We need to simplify $3(2x-5)-4(x+1)+7$ by distributing and combining like terms. First, distribute: $3(2x-5) = 6x-15$ and $-4(x+1) = -4x-4$. Now we have $6x-15-4x-4+7$. Combine the $x$ terms: $6x-4x = 2x$. Combine the constants: $-15-4+7 = -12$. Therefore, the expression simplifies to $2x-12$. A common error is forgetting to distribute the negative sign with $-4$, which would incorrectly give $-4x+4$ instead of $-4x-4$.
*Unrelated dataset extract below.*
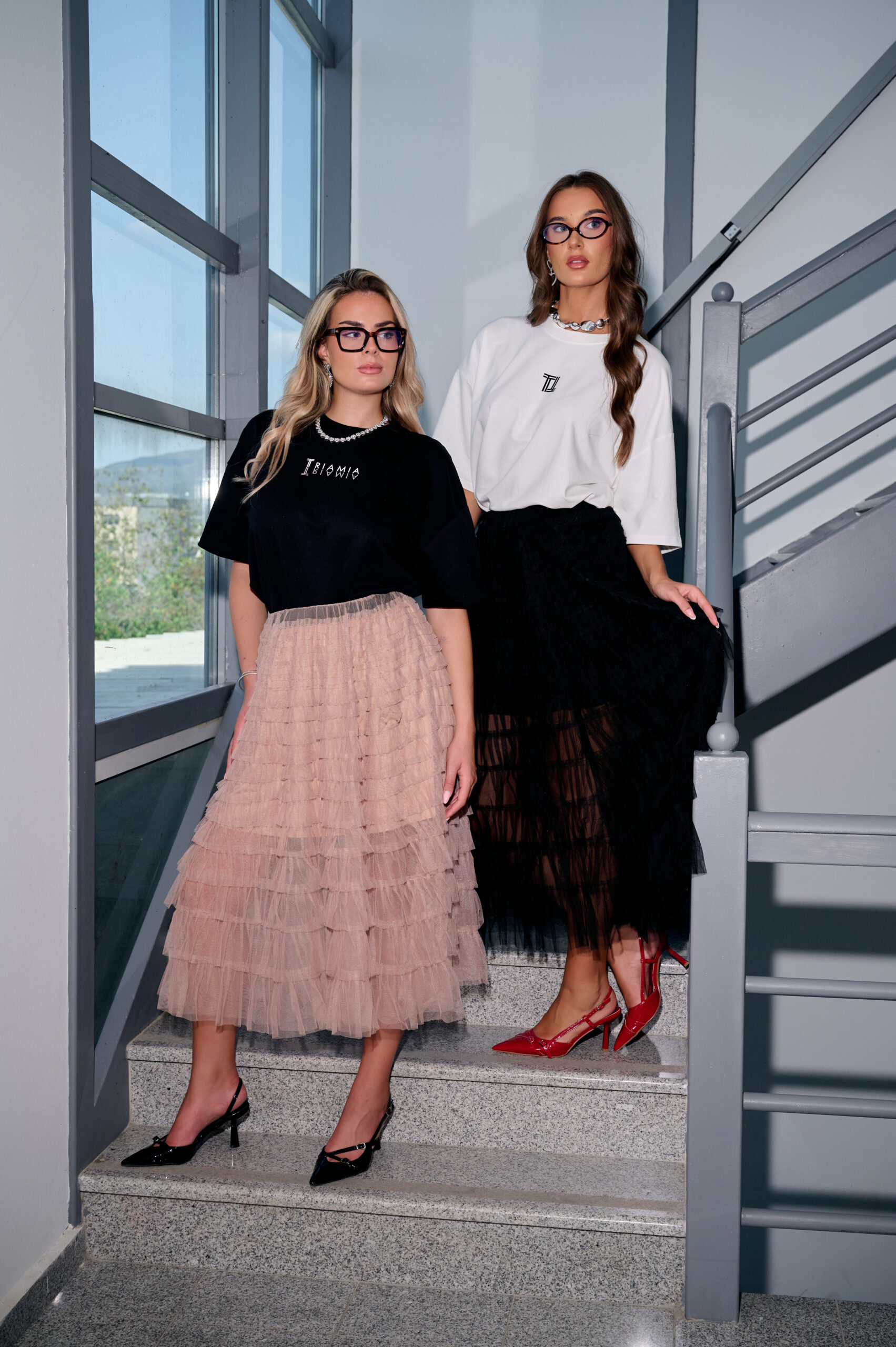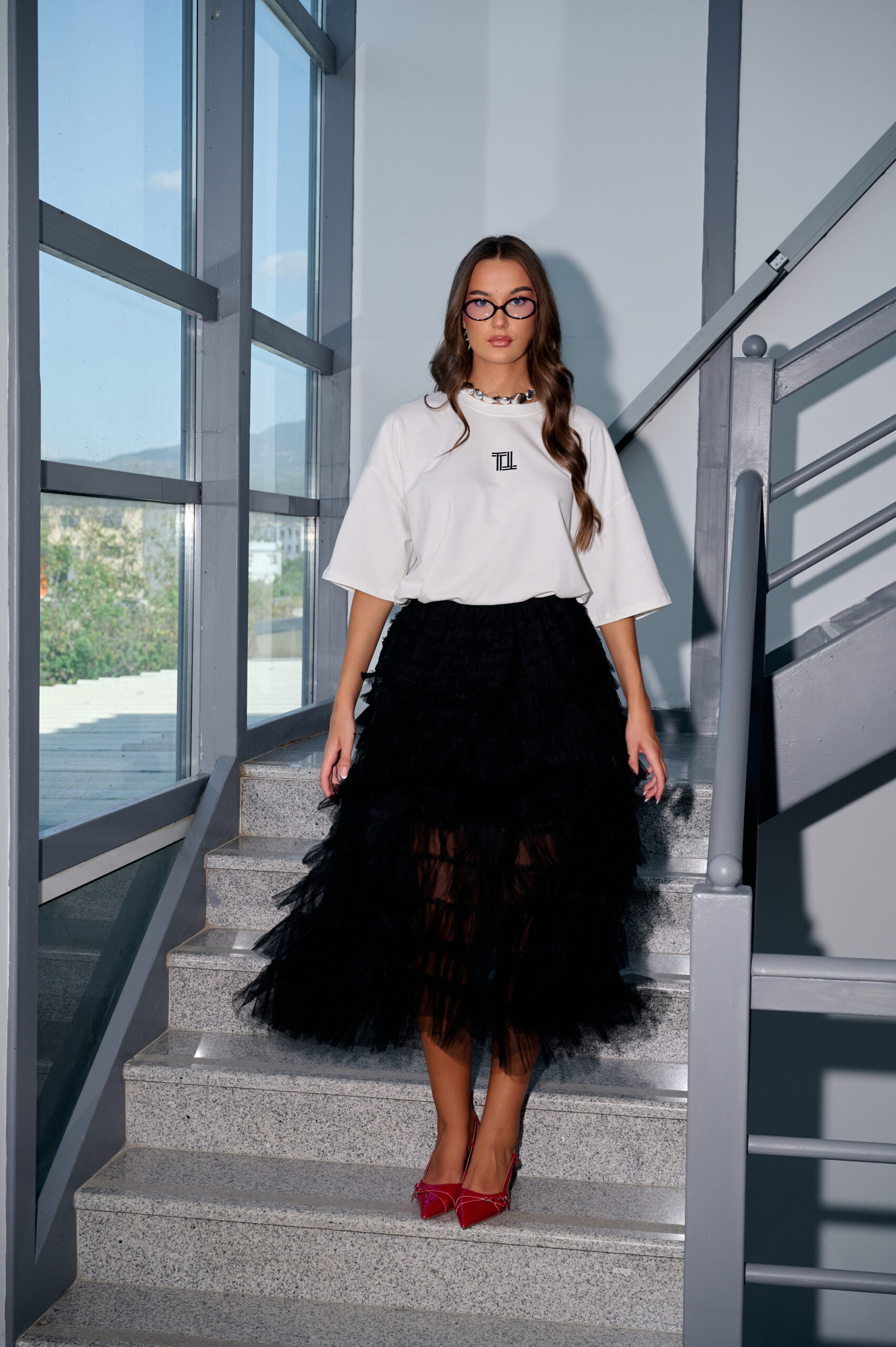 Η φούστα από απαλό τούλι σε κομψή μαύρη απόχρωση, με μήκος μέχρι τον αστράγαλο,

To factor $4x^2 - 9$, recognize this as a difference of squares since $4x^2 = (2x)^2$ and $9 = 3^2$. Using the pattern $a^2 - b^2 = (a-b)(a+b)$, we get $4x^2 - 9 = (2x)^2 - 3^2 = (2x-3)(2x+3)$. To verify, expand: $(2x-3)(2x+3) = 4x^2 + 6x - 6x - 9 = 4x^2 - 9$ ✓. A common mistake is factoring as $(4x-3)(x+3)$, but this expands to $4x^2 + 12x - 3x - 9 = 4x^2 + 9x - 9$, which has an unwanted middle term.